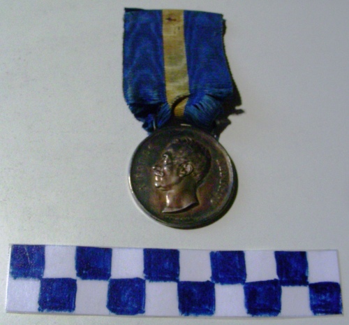 Di forma circolare. Sul recto, al centro, in rilievo busto accollato a sinistra di Carlo Alberto. Iscrizioni ai lati della figura e sotto di essa. Iscrizioni sul verso. Nastrino tripartito blu con al centro linea gialla.
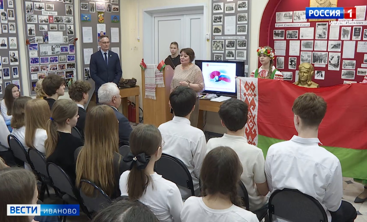 Белорусская речь в музее 56-й ивановской школы звучит не просто так. Здесь проходит особенная встреча. Повод - 30 лет с момента заключения договора о дружбе между Россией и Белоруссией. Но это дружба и единение братских народов уходят корнями вглубь веков, об этом рассказывают старшеклассникам 56-й ивановской и коляновской школ.
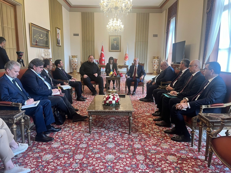 TBMM Başkanı Numan Kurtulmuş, Ukrayna Meclis Başkanı Ruslan Stefanchuk ile TBMM'deki makamında bir araya geldi. Görüşmede, AK Parti Ankara Milletvekili ve 27'nci Dönem Türkiye ve Ukrayna Parlamentolar Arası Dostluk Grubu Başkanı Yıldırım Tuğrul Türkeş ile Ukrayna Ankara Büyükelçisi Vasil Mironoviç Bodnar yer aldı. Kurtulmuş, Rusya ve Ukrayna arasındaki savaşın bir an önce bitirilmesi gerektiğini belirterek, "Savaşın, Ukrayna'ya çok ağır bedeller ödettiğini biliyoruz. 10 binlerle ifade edilen insani kayıplar, yakılmış, yıkılmış şehirler ve harap olmuş altyapının Ukrayna'ya çok büyük fiziki ve beşeri bir maliyeti olduğunun farkındayız. Bir an evvel Rusya-Ukrayna arasındaki savaşın bitirilmesi, Ukrayna'nın toprak bütünlüğü temin edilerek, kalıcı ve onurlu bir barışın temin edilmesi için Türkiye olarak büyük gayret sarf ediyoruz" ifadelerini kullandı.
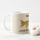 Råna att presentera en vattenfärg av en brun forellvattenfärg vid Thom som är glace på en kaffemugg
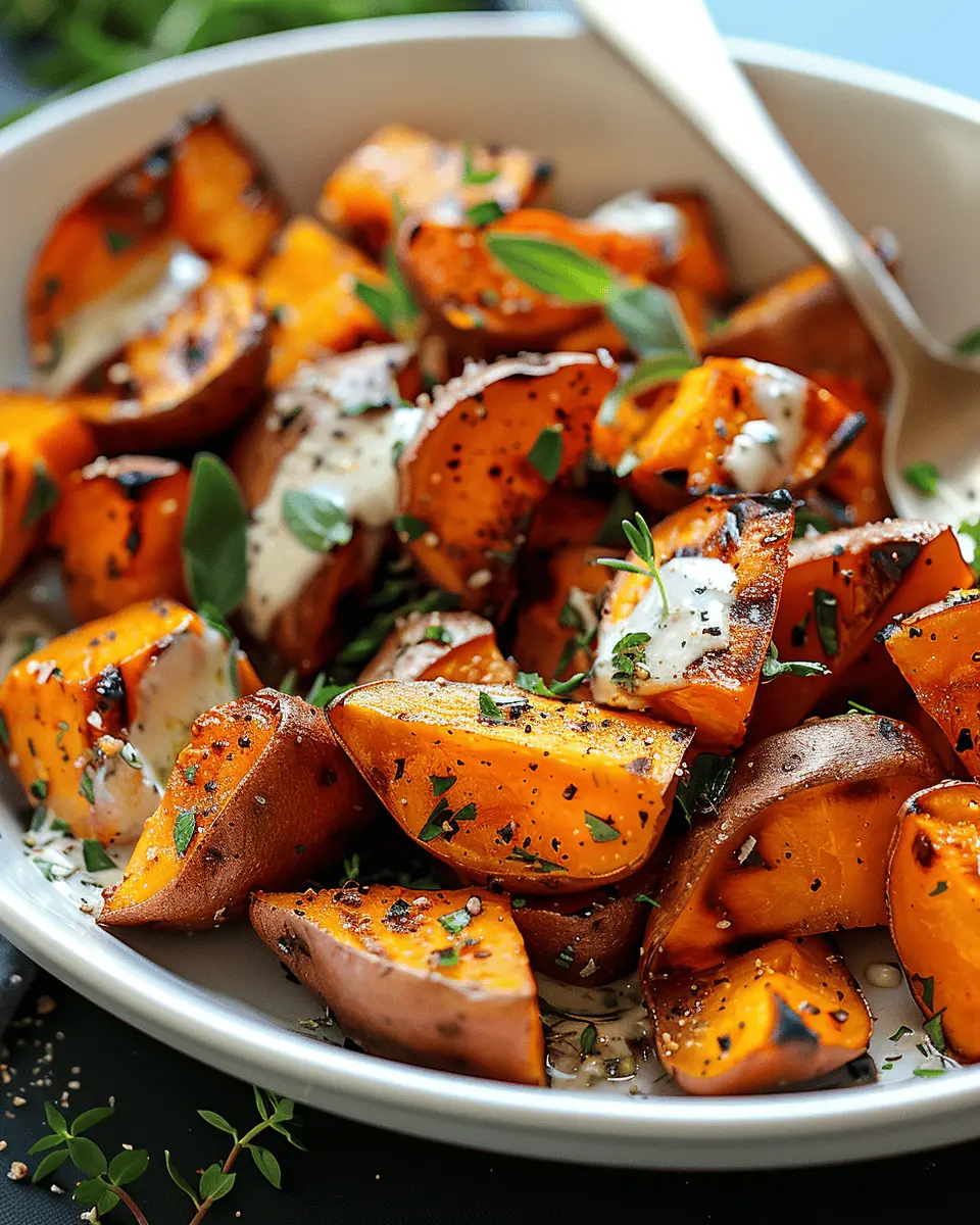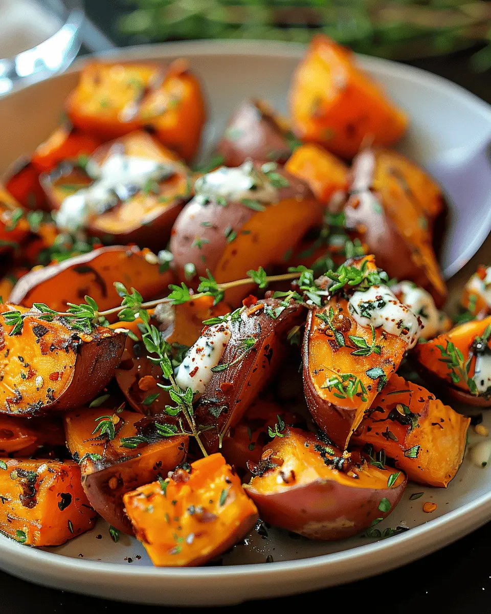 To design a Mediterranean-inspired plate, start with a generous scoop of your roasted sweet potatoes, adding a sprinkle of feta cheese and a dollop of tzatziki for creaminess. Add a refreshing salad made of diced tomatoes, cucumbers, and olives. This combination not only offers a feast for the eyes but bursts with vibrant flavors, ensuring every bite is an adventure.
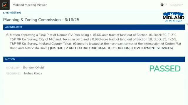 Planning commission approves final plat for Nomad RV Park after acreage and utilities queries
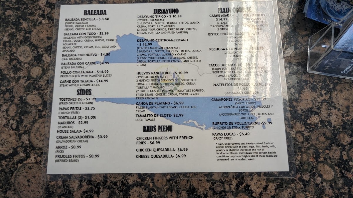 The menu offers a delightful selection, with kid-friendly options like Quesadilla De Queso for just $8.35. For breakfast enthusiasts, the Desayuno Tipico features a delightful combination of tamal, eggs, cheese, and fried plantain at $13.50, available all day. Main dishes like Bistec Encebollado ($19.49) and Carne Asada ($19.49) are also highlights, each served with sides to complement the robust flavors.
◆ ◆ ◆ ◆
> _Your assignment_
Your answer should be every line above, written out exactly, with no pictures.

> _Answer_
 Di forma circolare. Sul recto, al centro, in rilievo busto accollato a sinistra di Carlo Alberto. Iscrizioni ai lati della figura e sotto di essa. Iscrizioni sul verso. Nastrino tripartito blu con al centro linea gialla.
 Белорусская речь в музее 56-й ивановской школы звучит не просто так. Здесь проходит особенная встреча. Повод - 30 лет с момента заключения договора о дружбе между Россией и Белоруссией. Но это дружба и единение братских народов уходят корнями вглубь веков, об этом рассказывают старшеклассникам 56-й ивановской и коляновской школ.
 TBMM Başkanı Numan Kurtulmuş, Ukrayna Meclis Başkanı Ruslan Stefanchuk ile TBMM'deki makamında bir araya geldi. Görüşmede, AK Parti Ankara Milletvekili ve 27'nci Dönem Türkiye ve Ukrayna Parlamentolar Arası Dostluk Grubu Başkanı Yıldırım Tuğrul Türkeş ile Ukrayna Ankara Büyükelçisi Vasil Mironoviç Bodnar yer aldı. Kurtulmuş, Rusya ve Ukrayna arasındaki savaşın bir an önce bitirilmesi gerektiğini belirterek, "Savaşın, Ukrayna'ya çok ağır bedeller ödettiğini biliyoruz. 10 binlerle ifade edilen insani kayıplar, yakılmış, yıkılmış şehirler ve harap olmuş altyapının Ukrayna'ya çok büyük fiziki ve beşeri bir maliyeti olduğunun farkındayız. Bir an evvel Rusya-Ukrayna arasındaki savaşın bitirilmesi, Ukrayna'nın toprak bütünlüğü temin edilerek, kalıcı ve onurlu bir barışın temin edilmesi için Türkiye olarak büyük gayret sarf ediyoruz" ifadelerini kullandı.
 Råna att presentera en vattenfärg av en brun forellvattenfärg vid Thom som är glace på en kaffemugg
 To design a Mediterranean-inspired plate, start with a generous scoop of your roasted sweet potatoes, adding a sprinkle of feta cheese and a dollop of tzatziki for creaminess. Add a refreshing salad made of diced tomatoes, cucumbers, and olives. This combination not only offers a feast for the eyes but bursts with vibrant flavors, ensuring every bite is an adventure.
 Planning commission approves final plat for Nomad RV Park after acreage and utilities queries
 The menu offers a delightful selection, with kid-friendly options like Quesadilla De Queso for just $8.35. For breakfast enthusiasts, the Desayuno Tipico features a delightful combination of tamal, eggs, cheese, and fried plantain at $13.50, available all day. Main dishes like Bistec Encebollado ($19.49) and Carne Asada ($19.49) are also highlights, each served with sides to complement the robust flavors.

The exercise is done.